The ‘pastor’ then prayed. I am not sure what he said, because by then I was so angry I wanted to chase him; he also sucked his teeth upon completion before he marched out of the ward.
‘Granny’ was quiet for a while and I wanted to believe that she finally got some sleep. But before I left the ward her eyes were open again and she continued to lament her situation and at intervals beg to be changed and fed.
My relative was in the ward for five days and ‘Granny’ was visited on the first two days, but not for the remaining three.
Hours after my relative left the ward, ‘Granny’s’ death announcement appeared on television.
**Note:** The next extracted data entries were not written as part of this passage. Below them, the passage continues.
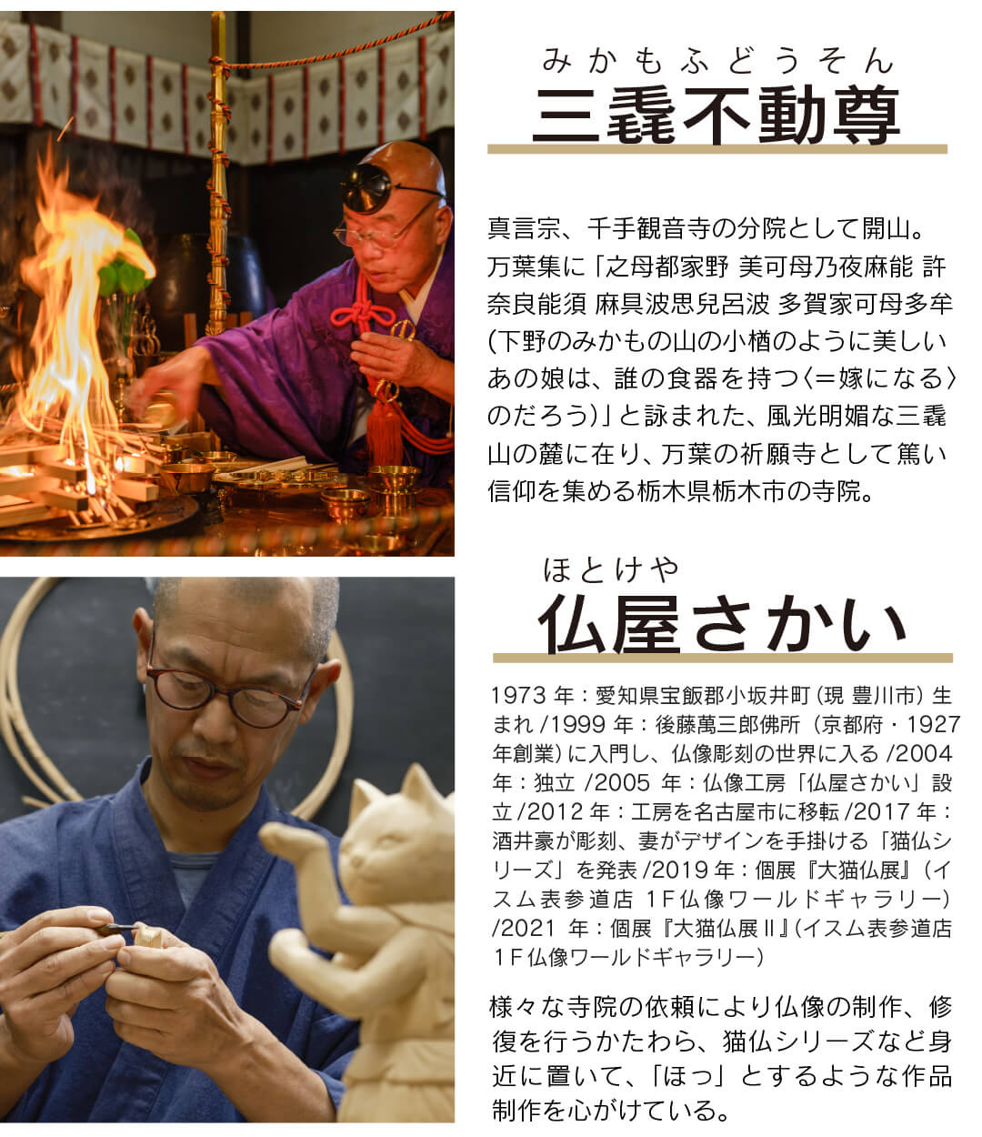 仏屋さかい 原型監修の可愛い猫の仏様(猫buddha)から派生した干支の不動明王シリーズ ※天然木・手仕上げの商品です。木目、彫刻、彩色には掲載画像とは異なる個性が出る場合があります。 木目などは選べません。予めご容赦ください。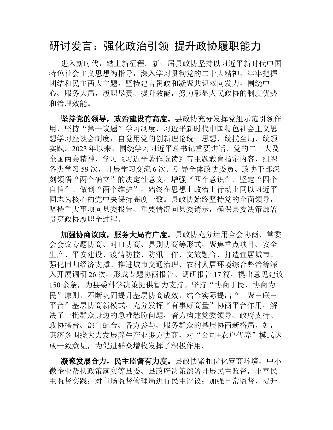 研討發(fā)言:強(qiáng)化政治引領(lǐng) 提升政協(xié)履職能力VIP免費(fèi)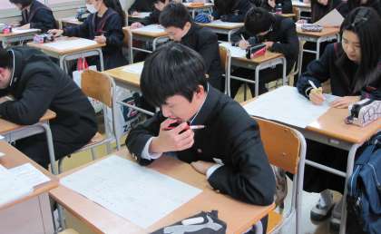 3年生では本日6限目に、私立高校等の願書の下書きをしました。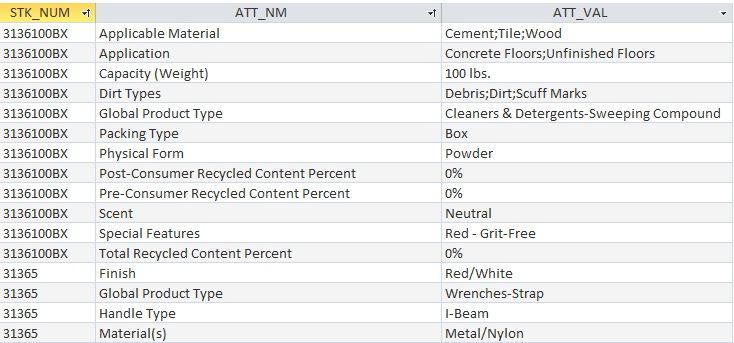Each of the 25,000 SKUs has at least 4 attributes. There are about 270 unique attributes and the attribute values are almost all unique. Here is a screenshot of a section of my database attribute query. You can see that this one product has 12 different attributes.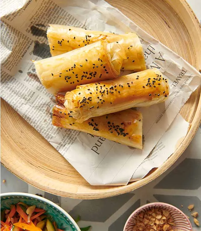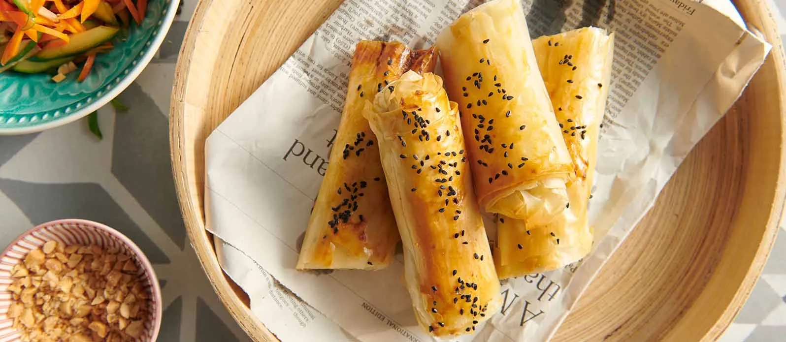 Vi ger klassisk börek en ny smak. Spenat och fetaost får sällskap av inlagda grönsaker med en hint av vietnamesisk smak. Kikkoman sojasås ger pricken över i:et.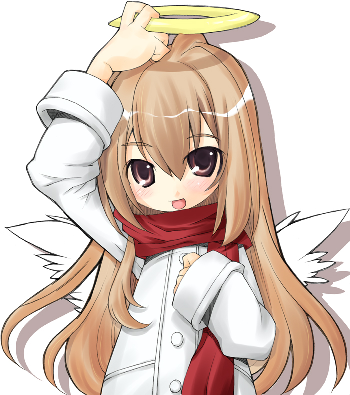 00sangelblushbrown eyesbrown haircoathaloholding halolong hairscarfsmilesolotraditional halowings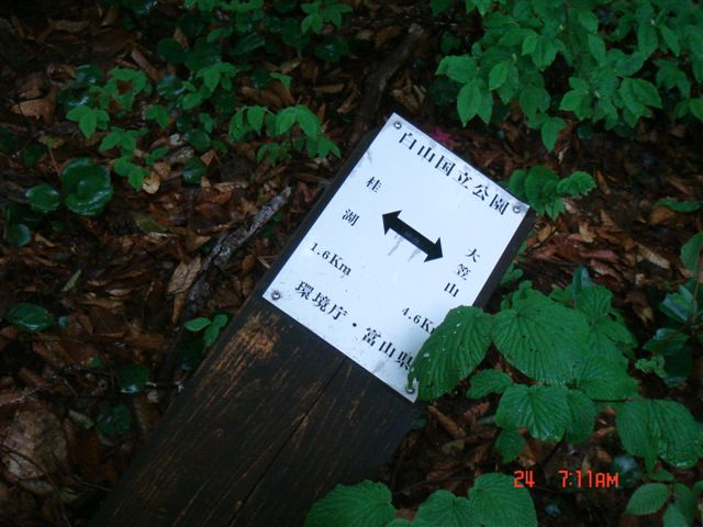 7:10 桂湖から1.6km(大笠山へ4.6km)地点に到着。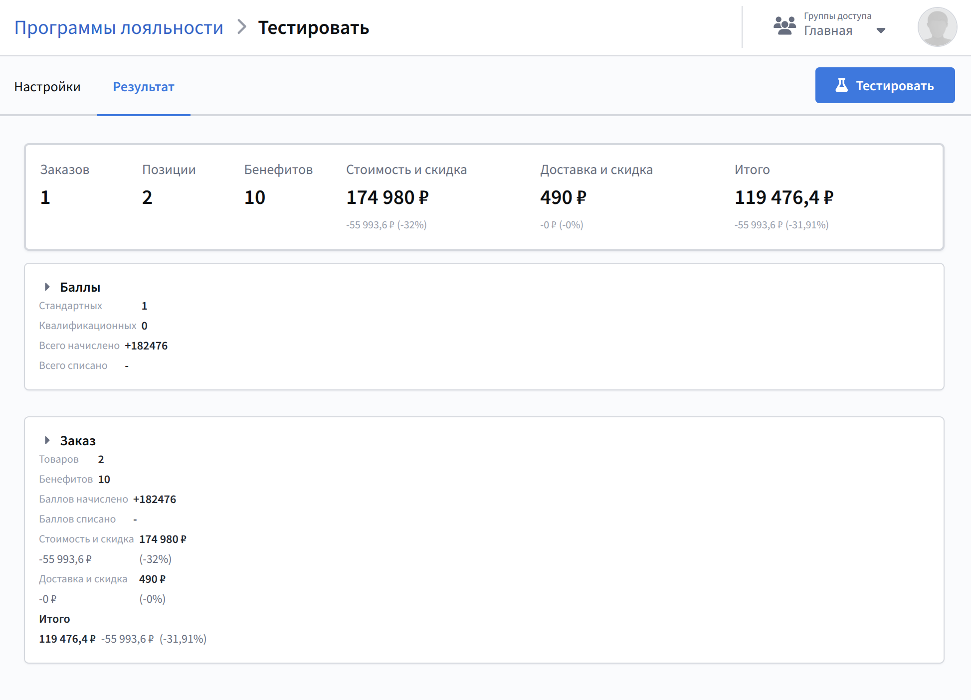 Тестирование позволит вам точно понять, как и в каком порядке для участников лояльности сработают бенефиты.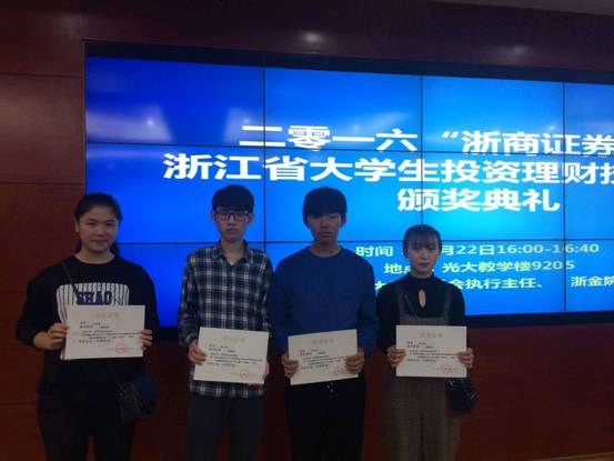 由浙江省教育厅主办、浙江金融职业学院承办的2016“浙商证券杯”大学生投资理财技能大赛于近日圆满结束。我校商贸旅游学院会计专业学生杜铭敏、林和平等在专业老师施卓晨和段勇历时一个月的组织指导下,精心准备、认真参赛,经过模拟交易和投资理财分析报告两个模块的激烈角逐,最终获得了两个一等奖的好成绩,其中林和平同学还是全省第一名。因为出色的团体表现,施卓晨老师被组委会评为优秀指导教师。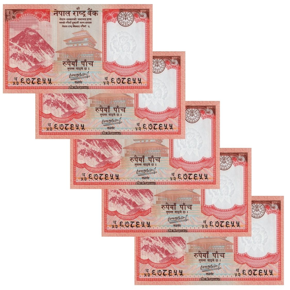 Nepal - 5 Cédulas de 5 Rupees 2020 - P-76b - Sequência - Flor de Estampa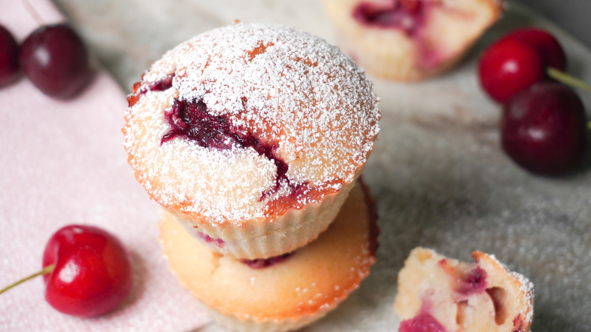 Die Kirschen waschen, Kern entfernen, am besten vierteln und unter den Teig rühren.

She got her wish, it seemed.
I never knew ‘Granny’ before my hospital visits and so I cannot testify as to what kind of individual she was. From all accounts, she had children and relatives yet she died tormented and alone in the hospital.
Regardless of what ‘Granny’ may or may not have done in her life she did not deserve to be treated in such a manner in her final days and hours. Not only did her relatives fail her, but also the hospital’s system that should have provided care for her. I was witness to the fact that she was left in diapers soaked with urine or full of excretion for hours, and she was not fed regularly.
In the same ward with ‘Granny’ there was a younger woman who also lost a leg and she related that she was suffering from diabetes. Her husband and other relatives visited and took care of her physical needs, but it was obvious that she needed more than they could have given.
She cried out constantly and it was not clear if it was from physical or mental pain. At times she folded one of her hands into a cuff, placed it in her mouth and bit down on it. She asked to be returned to her home in the interior to die, but her relatives encouraged to stay and try to get well.
My relative reported that the younger diabetes patient also cried for hours at night and as a result the other patients in the ward were unable to sleep. She may have needed some psychological assistance but none was provided during the days I visited the hospital.
The hospital’s emergency unit continues to be harrowing for those who are forced to visit. I spent an entire night there before my relative was admitted. Though my relative was attended to almost immediately, various tests had to be done so the waiting period was long.
But not everyone had the same experience. I saw a teenager in her school clothes who had to wait for hours before she was seen by a doctor. I saw mothers with babies in their arms leaned their tired heads against the hard walls and took naps as they waited to see a doctor.
I cannot forget the sight of a woman who sat on the ground and wailed gut wrenchingly for her husband who had just died in the emergency unit.
“A can’t believe he gone and lef me!” she screamed and had to be supported by strangers. Her relatives turned up about an hour later and led her away.
There were many other experiences (none of them positive) during the days my relative was hospitalized. They have all served to confirm why persons are hesitant to visit the GPH for treatment and why those who could afford it prefer to visit a private institution.
What is obvious is that apart from installing equipment and cleaning the hospital (the emergency unit waiting area was emptied during the night I was there so that the cleaners could clean, which entailed wiping the walls from top to bottom) the authorities have to find a way to effect a change of attitude among those who are at the institution to care for patients. Again, I should indicate that the doctors and nurses I interacted with during my relative’s stay were professional and appeared understanding, but in the case of ‘Granny’ and other women this was not so.
My relative said that even when in pain, she helped herself, adding, “I didn’t want nobody holler up on me.”